# Work to complete
Reproduce word for word the lines between those holding "和大多數搜索引擎一樣,Eco" and "APPLE iMAC (A1418), CORE", inclusive, and nothing else from the data below.

# Data for this task
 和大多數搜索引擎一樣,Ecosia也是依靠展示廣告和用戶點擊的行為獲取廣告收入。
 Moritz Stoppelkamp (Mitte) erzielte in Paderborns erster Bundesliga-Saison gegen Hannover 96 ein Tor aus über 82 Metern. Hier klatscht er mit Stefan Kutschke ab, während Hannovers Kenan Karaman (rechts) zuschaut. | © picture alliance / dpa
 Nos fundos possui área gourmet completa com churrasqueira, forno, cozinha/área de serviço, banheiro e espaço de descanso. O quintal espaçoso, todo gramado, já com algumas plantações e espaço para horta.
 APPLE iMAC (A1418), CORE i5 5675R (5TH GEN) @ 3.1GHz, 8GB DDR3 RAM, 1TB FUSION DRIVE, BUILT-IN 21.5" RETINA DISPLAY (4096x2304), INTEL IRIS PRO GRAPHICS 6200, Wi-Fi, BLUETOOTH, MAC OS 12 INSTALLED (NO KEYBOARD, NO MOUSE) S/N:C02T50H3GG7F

* * *

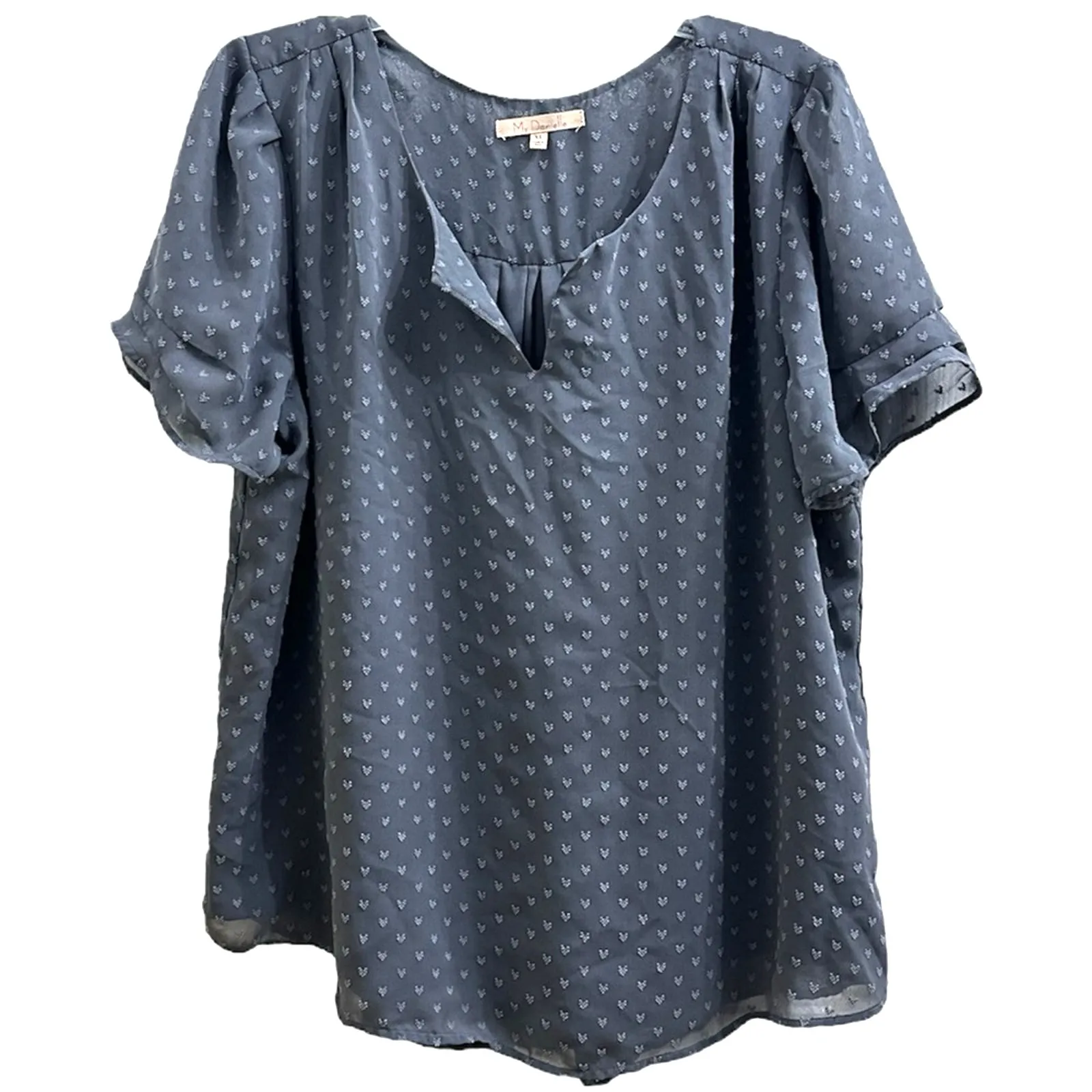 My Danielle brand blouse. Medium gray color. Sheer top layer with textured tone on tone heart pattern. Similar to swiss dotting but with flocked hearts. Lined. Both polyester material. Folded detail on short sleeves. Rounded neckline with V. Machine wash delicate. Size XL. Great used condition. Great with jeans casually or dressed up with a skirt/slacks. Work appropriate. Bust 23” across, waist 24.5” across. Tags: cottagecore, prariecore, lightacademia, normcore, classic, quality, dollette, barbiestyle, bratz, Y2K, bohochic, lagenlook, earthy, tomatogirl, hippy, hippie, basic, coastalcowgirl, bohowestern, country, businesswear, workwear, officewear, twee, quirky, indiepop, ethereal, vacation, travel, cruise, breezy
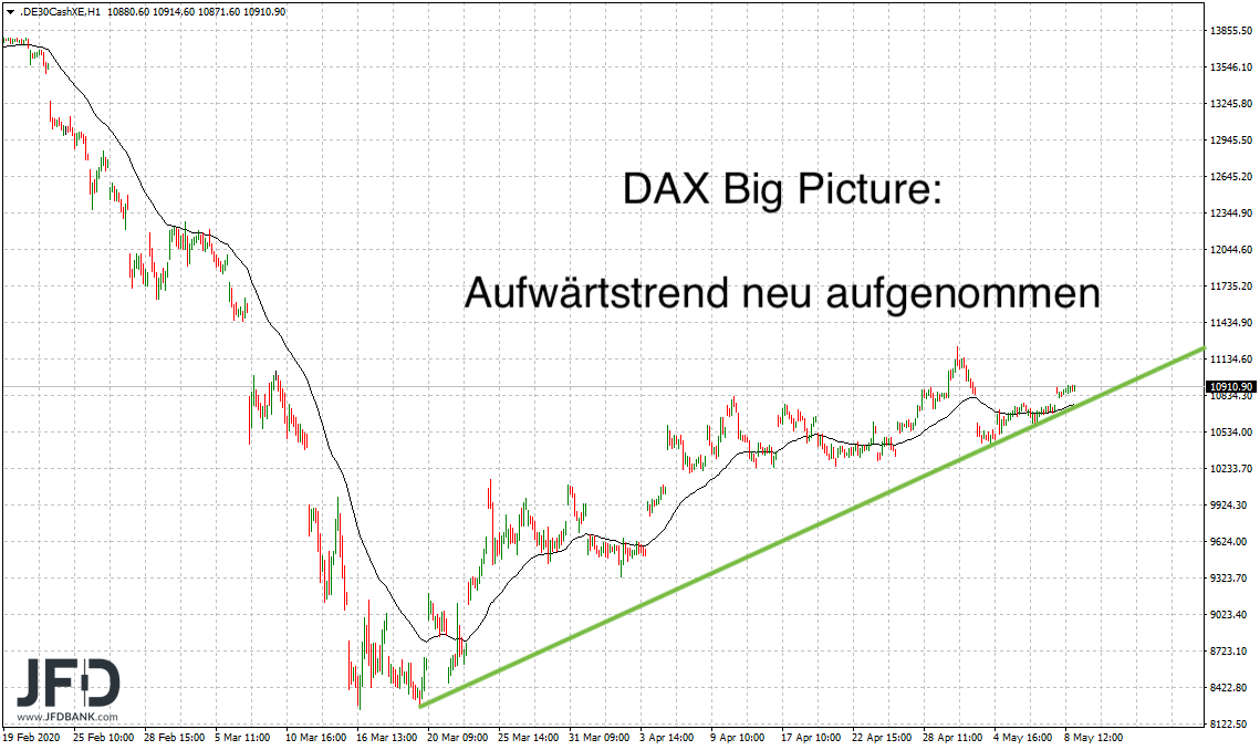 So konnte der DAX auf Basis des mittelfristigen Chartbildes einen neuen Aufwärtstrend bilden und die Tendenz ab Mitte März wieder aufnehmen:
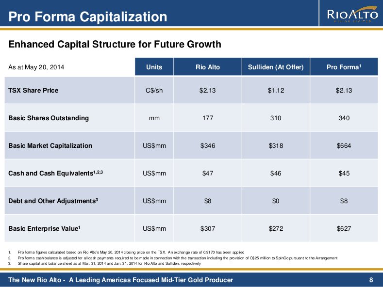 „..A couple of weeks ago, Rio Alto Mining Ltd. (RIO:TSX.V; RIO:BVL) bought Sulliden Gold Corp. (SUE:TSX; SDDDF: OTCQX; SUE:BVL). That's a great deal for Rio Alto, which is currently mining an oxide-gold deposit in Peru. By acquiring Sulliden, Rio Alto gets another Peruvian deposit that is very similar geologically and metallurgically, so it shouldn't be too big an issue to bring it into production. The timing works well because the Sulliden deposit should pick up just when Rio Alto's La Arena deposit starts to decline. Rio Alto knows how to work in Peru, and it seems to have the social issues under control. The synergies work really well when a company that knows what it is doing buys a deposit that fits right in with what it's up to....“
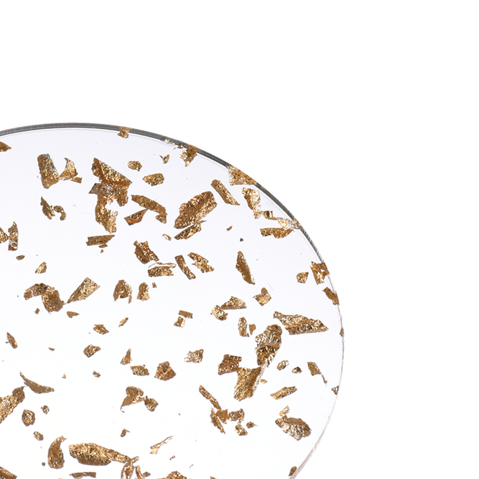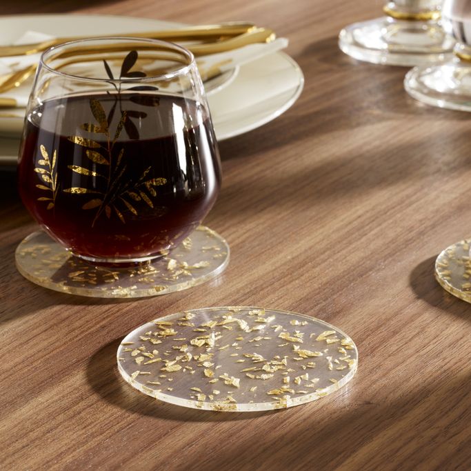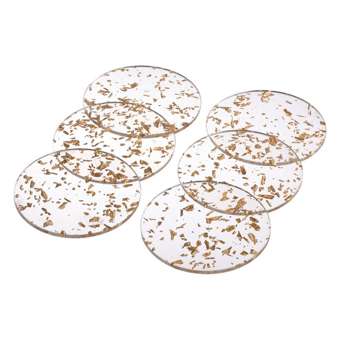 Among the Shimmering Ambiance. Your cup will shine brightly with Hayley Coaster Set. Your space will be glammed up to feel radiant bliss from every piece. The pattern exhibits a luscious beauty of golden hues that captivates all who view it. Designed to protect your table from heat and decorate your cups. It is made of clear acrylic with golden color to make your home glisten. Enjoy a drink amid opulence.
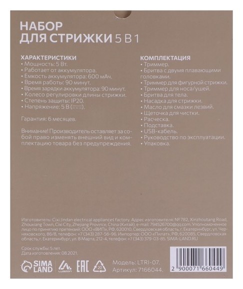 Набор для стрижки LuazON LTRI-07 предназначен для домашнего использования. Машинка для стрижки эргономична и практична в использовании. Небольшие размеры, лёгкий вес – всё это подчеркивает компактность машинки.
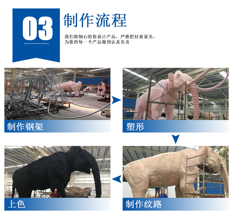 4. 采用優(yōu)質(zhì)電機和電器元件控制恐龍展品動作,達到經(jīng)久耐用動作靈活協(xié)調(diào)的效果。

# Result
 和大多數搜索引擎一樣,Ecosia也是依靠展示廣告和用戶點擊的行為獲取廣告收入。
 Moritz Stoppelkamp (Mitte) erzielte in Paderborns erster Bundesliga-Saison gegen Hannover 96 ein Tor aus über 82 Metern. Hier klatscht er mit Stefan Kutschke ab, während Hannovers Kenan Karaman (rechts) zuschaut. | © picture alliance / dpa
 Nos fundos possui área gourmet completa com churrasqueira, forno, cozinha/área de serviço, banheiro e espaço de descanso. O quintal espaçoso, todo gramado, já com algumas plantações e espaço para horta.
 APPLE iMAC (A1418), CORE i5 5675R (5TH GEN) @ 3.1GHz, 8GB DDR3 RAM, 1TB FUSION DRIVE, BUILT-IN 21.5" RETINA DISPLAY (4096x2304), INTEL IRIS PRO GRAPHICS 6200, Wi-Fi, BLUETOOTH, MAC OS 12 INSTALLED (NO KEYBOARD, NO MOUSE) S/N:C02T50H3GG7F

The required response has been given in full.